For directions to the laboratory please see the University's travel pages. Visitors are welcome if arranged in advance.


Photographs of the Satellite Receiving Station

Click on a photo for a full size version.
Control centre Lab From left to right can be seen two tape recorder control PCs, four antenna control PCs with receivers above and tape recorders below, a MODIS ingest PC with antenna monitors above and UPS below, and on the far right under the desk is the MODIS file server.
Archives Tape archive Part of the tape archive, recording every satellite pass received in Dundee since 1978. Quicklook archive Part of the photographic quicklook archive, going from 1978 to the present.

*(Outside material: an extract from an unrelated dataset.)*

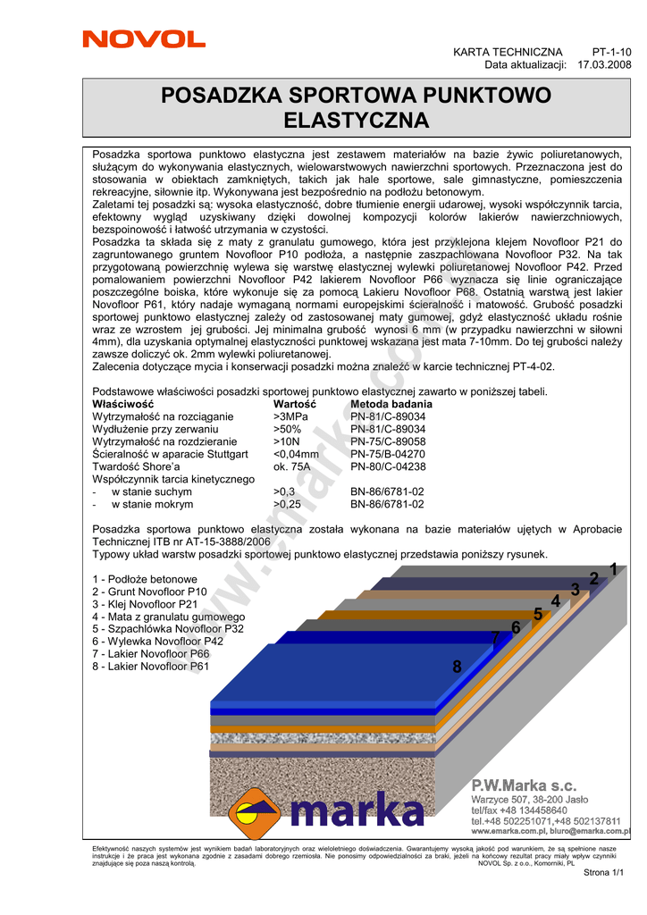 KARTA TECHNICZNA PT-1-10 Data aktualizacji: 17.03.2008 POSADZKA SPORTOWA PUNKTOWO ELASTYCZNA .co m. pl Posadzka sportowa punktowo elastyczna jest zestawem materiałów na bazie Ŝywic poliuretanowych, słuŜącym do wykonywania elastycznych, wielowarstwowych nawierzchni sportowych. Przeznaczona jest do stosowania w obiektach zamkniętych, takich jak hale sportowe, sale gimnastyczne, pomieszczenia rekreacyjne, siłownie itp. Wykonywana jest bezpośrednio na podłoŜu betonowym. Zaletami tej posadzki są: wysoka elastyczność, dobre tłumienie energii udarowej, wysoki współczynnik tarcia, efektowny wygląd uzyskiwany dzięki dowolnej kompozycji kolorów lakierów nawierzchniowych, bezspoinowość i łatwość utrzymania w czystości. Posadzka ta składa się z maty z granulatu gumowego, która jest przyklejona klejem Novofloor P21 do zagruntowanego gruntem Novofloor P10 podłoŜa, a następnie zaszpachlowana Novofloor P32. Na tak przygotowaną powierzchnię wylewa się warstwę elastycznej wylewki poliuretanowej Novofloor P42. Przed pomalowaniem powierzchni Novofloor P42 lakierem Novofloor P66 wyznacza się linie ograniczające poszczególne boiska, które wykonuje się za pomocą Lakieru Novofloor P68. Ostatnią warstwą jest lakier Novofloor P61, który nadaje wymaganą normami europejskimi ścieralność i matowość. Grubość posadzki sportowej punktowo elastycznej zaleŜy od zastosowanej maty gumowej, gdyŜ elastyczność układu rośnie wraz ze wzrostem jej grubości. Jej minimalna grubość wynosi 6 mm (w przypadku nawierzchni w siłowni 4mm), dla uzyskania optymalnej elastyczności punktowej wskazana jest mata 7-10mm. Do tej grubości naleŜy zawsze doliczyć ok. 2mm wylewki poliuretanowej. Zalecenia dotyczące mycia i konserwacji posadzki moŜna znaleźć w karcie technicznej PT-4-02. ma rka Podstawowe właściwości posadzki sportowej punktowo elastycznej zawarto w poniŜszej tabeli. Właściwość Wartość Metoda badania Wytrzymałość na rozciąganie >3MPa PN-81/C-89034 WydłuŜenie przy zerwaniu >50% PN-81/C-89034 Wytrzymałość na rozdzieranie >10N PN-75/C-89058 Ścieralność w aparacie Stuttgart <0,04mm PN-75/B-04270 Twardość Shore’a ok. 75A PN-80/C-04238 Współczynnik tarcia kinetycznego - w stanie suchym >0,3 BN-86/6781-02 - w stanie mokrym >0,25 BN-86/6781-02 ww w.e Posadzka sportowa punktowo elastyczna została wykonana na bazie materiałów ujętych w Aprobacie Technicznej ITB nr AT-15-3888/2006 Typowy układ warstw posadzki sportowej punktowo elastycznej przedstawia poniŜszy rysunek. 1 - PodłoŜe betonowe 2 - Grunt Novofloor P10 3 - Klej Novofloor P21 4 - Mata z granulatu gumowego 5 - Szpachlówka Novofloor P32 6 - Wylewka Novofloor P42 7 - Lakier Novofloor P66 8 - Lakier Novofloor P61 7 6 5 4 3 2 1 8 Efektywność naszych systemów jest wynikiem badań laboratoryjnych oraz wieloletniego doświadczenia. Gwarantujemy wysoką jakość pod warunkiem, Ŝe są spełnione nasze instrukcje i Ŝe praca jest wykonana zgodnie z zasadami dobrego rzemiosła. Nie ponosimy odpowiedzialności za braki, jeŜeli na końcowy rezultat pracy miały wpływ czynniki znajdujące się poza naszą kontrolą. NOVOL Sp. z o.o., Komorniki, PL Strona 1/1

Antennae and Receiving Equipment

All antennae and receiving equipment has been custom built by the satellite station. Gearboxes and reflectors are standard items; other heavy mechanical parts are manufactured to our specifications by a local firm and then assembled on site. The front-ends are usually standard items although have been custom built in the past. The rest, including all electronics and software is designed and built here. Besides lower cost, the benefits include redundancy and easier, cheaper and faster maintenance.

Operational antennae include:


Computers

The satellite receiving station primarily uses Sun SPARC workstations running the Solaris operating system.

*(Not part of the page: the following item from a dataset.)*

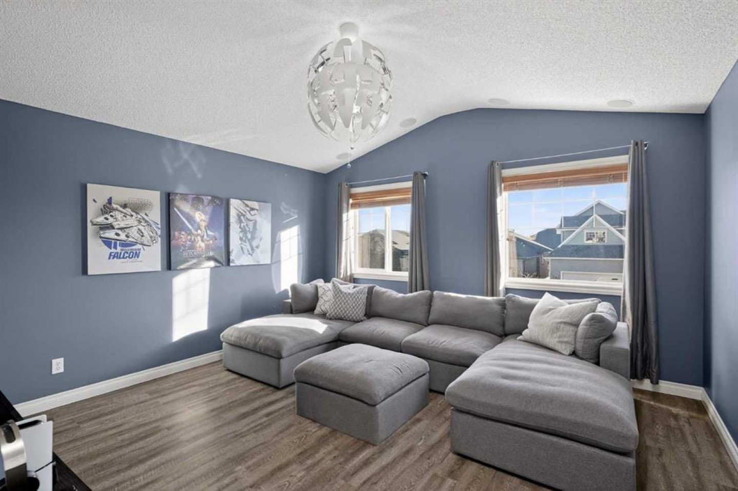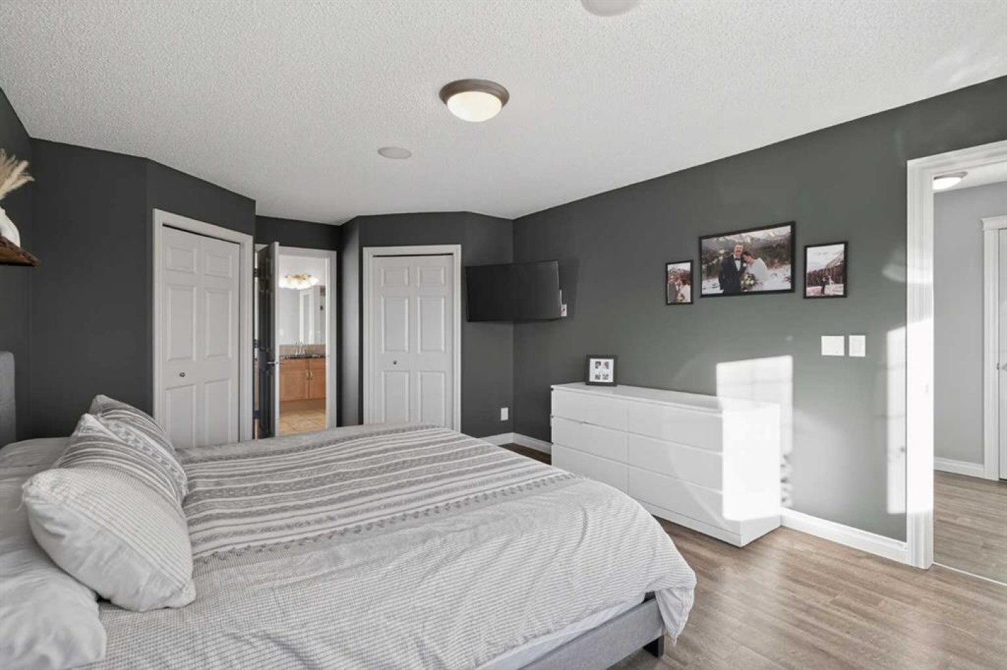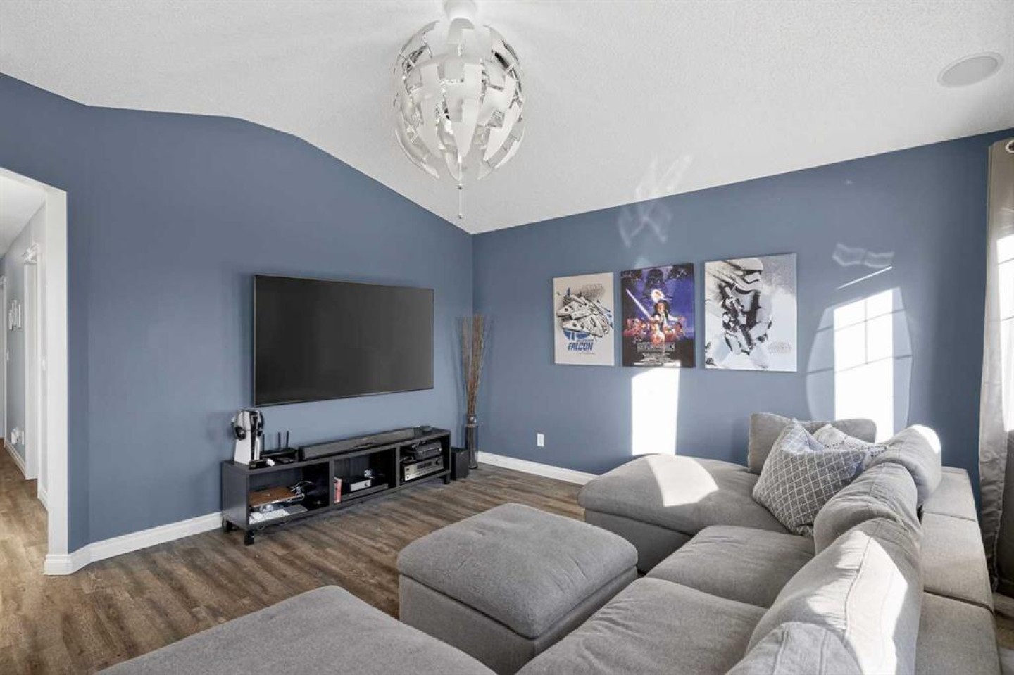 Upstairs, new vinyl plank flooring leads to a large bonus room with vaulted ceilings, fully wired for a theatre system, creating an inviting retreat for movie nights or family gatherings. The primary suite offers a true escape with his and hers closets and a luxurious five piece ensuite, while two additional bedrooms are thoughtfully located near the laundry room for added convenience.

The RAID array is a new addition; it consists of a custom-built PC running Linux with IDE disks on RAID controllers exporting disk space as a network file system. Much cheaper than commercial alternatives.

Sun 450

Storage:

Use Size (GB)
AVHRR data 24
SeaWiFS data 63
MODIS data 489
Meteosat data 40
Quicklooks 102
RAID arrays 12000
Total 12 TeraBytes

Apache

Our web server is powered by Apache with PHP and Perl.


Reception of a satellite pass

The cast:

  1. Lionel, the tracking computer
  2. Bertha, the tape recorder control computer
  3. Gavin, the reception computer
  4. Mabel, the file server computer
  5. Nigel, the tape recorder
  6. Andrew, the antenna
  7. Patricia, the photo-facsimile machine
  8. Nancy, the high-resolution laser printer
  9. Bert, the GPS receiver

Act One: Preparation

  1. The satellite's approximate position is calculated from orbital elements and a mathematical orbital model.
  2. The tracking computers have their clock set precisely from a GPS receiver.
  3. The tracking computers align the antennas to point to the location at which the satellite will appear over the horizon.
  4. The reception computer calculates parameters based on the predicted orbit and prepares for reception by plotting grid overlays etc.

Act Two: Reception

  1. When the satellite comes into view the tape recorder computers start the tape recorders and the reception computer starts receiving data.
  2. As the satellite progresses the tracking computers lock onto the position of the satellite and keep the antenna pointing in the correct direction.
  3. The signal is received and decoded then ingested into the reception computer.
  4. The data is displayed in real-time and transferred to the satellite station's file server computer. The image is scaled down to generate quicklooks.
  5. Reception is terminated when the satellite disappears over the horizon, rather than when the signal is lost. This ensures that, should an object such as a tall tree momentarily block the view, the computers keep tracking the satellite ready for when it reappears.

Act Three: Post-processing

  1. The tracking computer updates the orbital model now that the exact position of the satellite is known, making prediction of the next pass more accurate. The information is also used to plot coastlines as accurately as possible.
  2. The quicklooks are put in the archive and the pass database is updated.
  3. Customers' jobs are automatically processed with the new data.
  4. Hard-copy quicklooks are printed and photographs or processed enlargements are produced for customers.